**Information supplied**
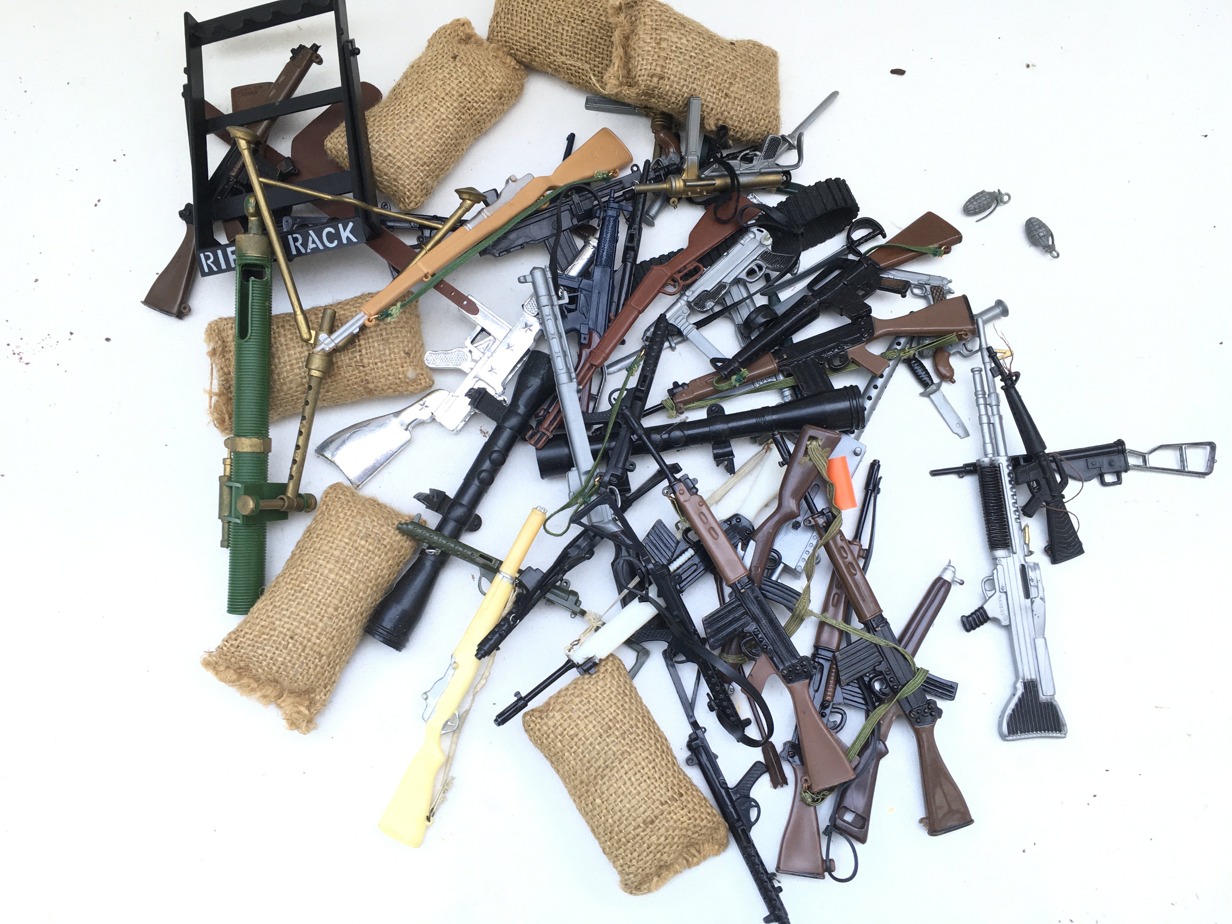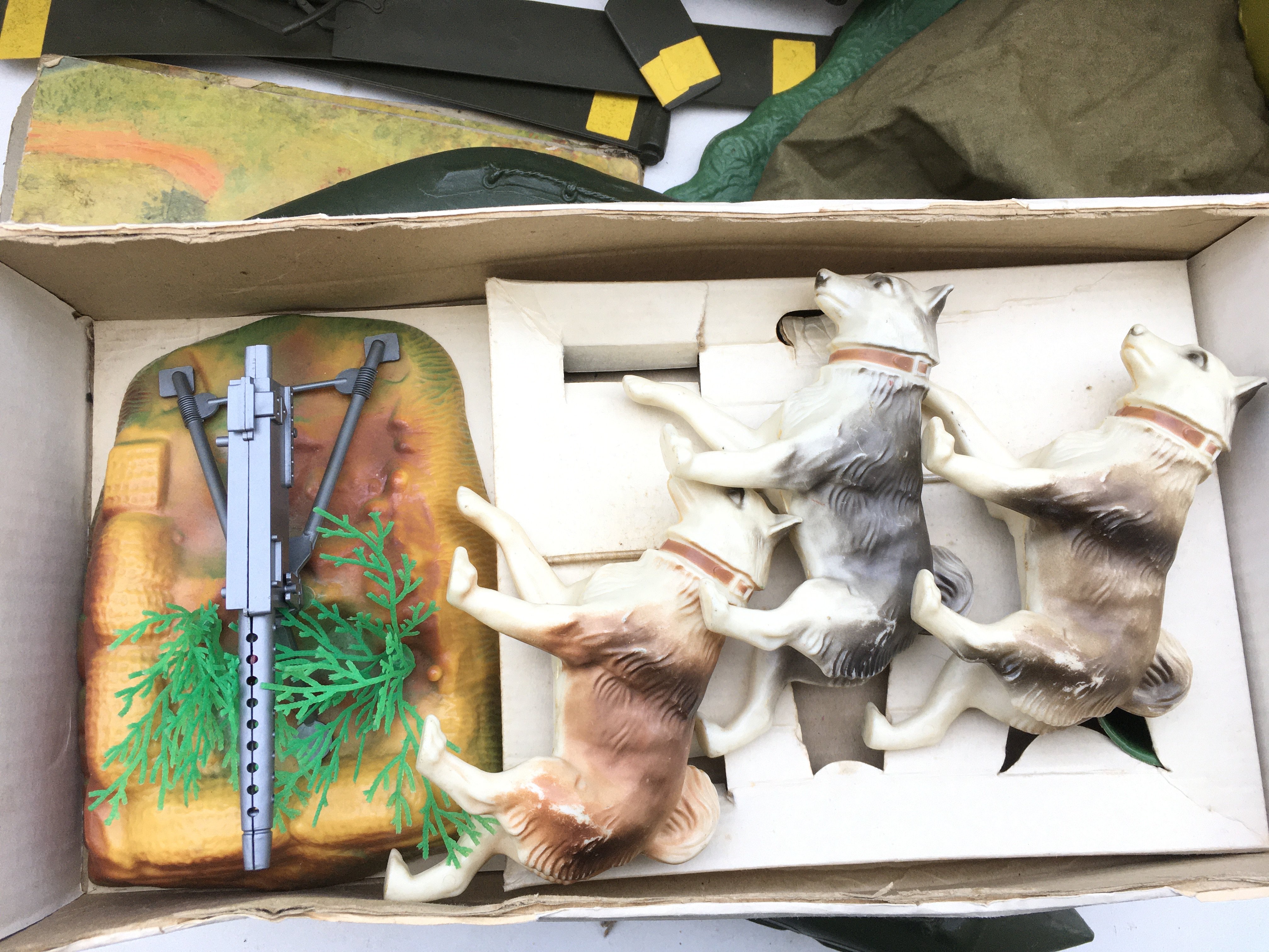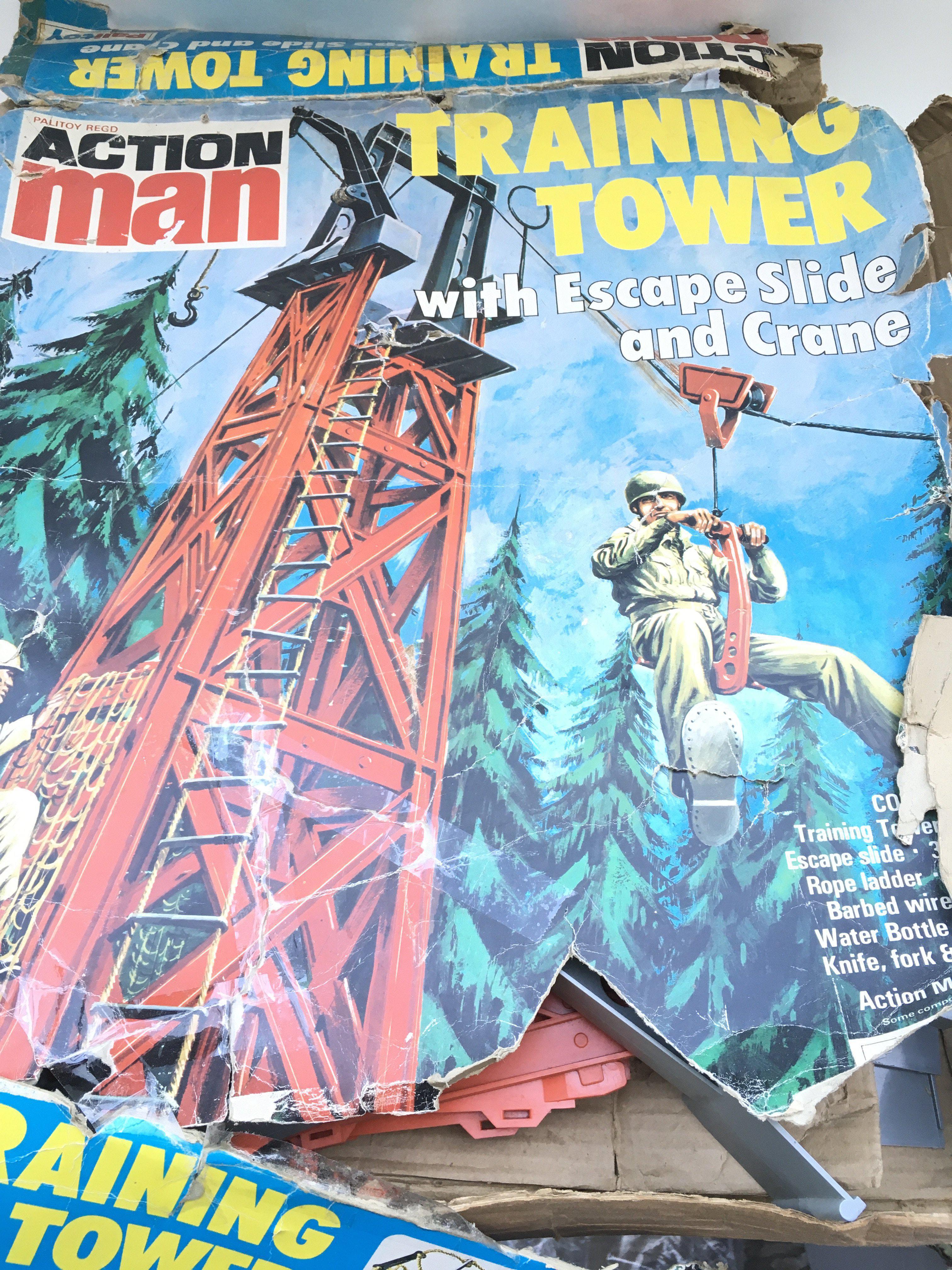 A Collection of Action Man Vehicles And accessories including a Boxed machine gun emplacement And Training Tower. Dogs. Guns etc. Ideal for Spare Parts.No reserve. (2).
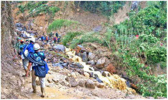 The methodological parts of this study were drawn from both primary and secondary sources. According to a comprehensive review after the tribes’ areas were severely damaged, the disaster was caused during Typhoon Soudelor, which could be put into three categories that occurred to the Wulai tribes: collapse, mudslides, and flood [56]. The collapse area mainly happened to the Lahaw and Fushan tribes; the area of the flood was mainly located near the riverside of Nanshi River, as well as the area near the Wulai tribe and the main street (business street). The road linking the Wulai tribes to the main part of the transportation system was completely washed-out, dropping precipitously to the riverbed far below. Wulai suffered the most damage by the typhoon, with landslides cutting off the district’s only road access to Taipei, as shown in Figure 3.
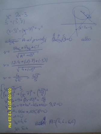 Kąt między promieniem SA okręgu a styczną y=2x-3 ma

**Exercise**
Transcribe the listing in full and omit the pictures.

**Exercise answer**
 A Collection of Action Man Vehicles And accessories including a Boxed machine gun emplacement And Training Tower. Dogs. Guns etc. Ideal for Spare Parts.No reserve. (2).
 The methodological parts of this study were drawn from both primary and secondary sources. According to a comprehensive review after the tribes’ areas were severely damaged, the disaster was caused during Typhoon Soudelor, which could be put into three categories that occurred to the Wulai tribes: collapse, mudslides, and flood [56]. The collapse area mainly happened to the Lahaw and Fushan tribes; the area of the flood was mainly located near the riverside of Nanshi River, as well as the area near the Wulai tribe and the main street (business street). The road linking the Wulai tribes to the main part of the transportation system was completely washed-out, dropping precipitously to the riverbed far below. Wulai suffered the most damage by the typhoon, with landslides cutting off the district’s only road access to Taipei, as shown in Figure 3.
 Kąt między promieniem SA okręgu a styczną y=2x-3 ma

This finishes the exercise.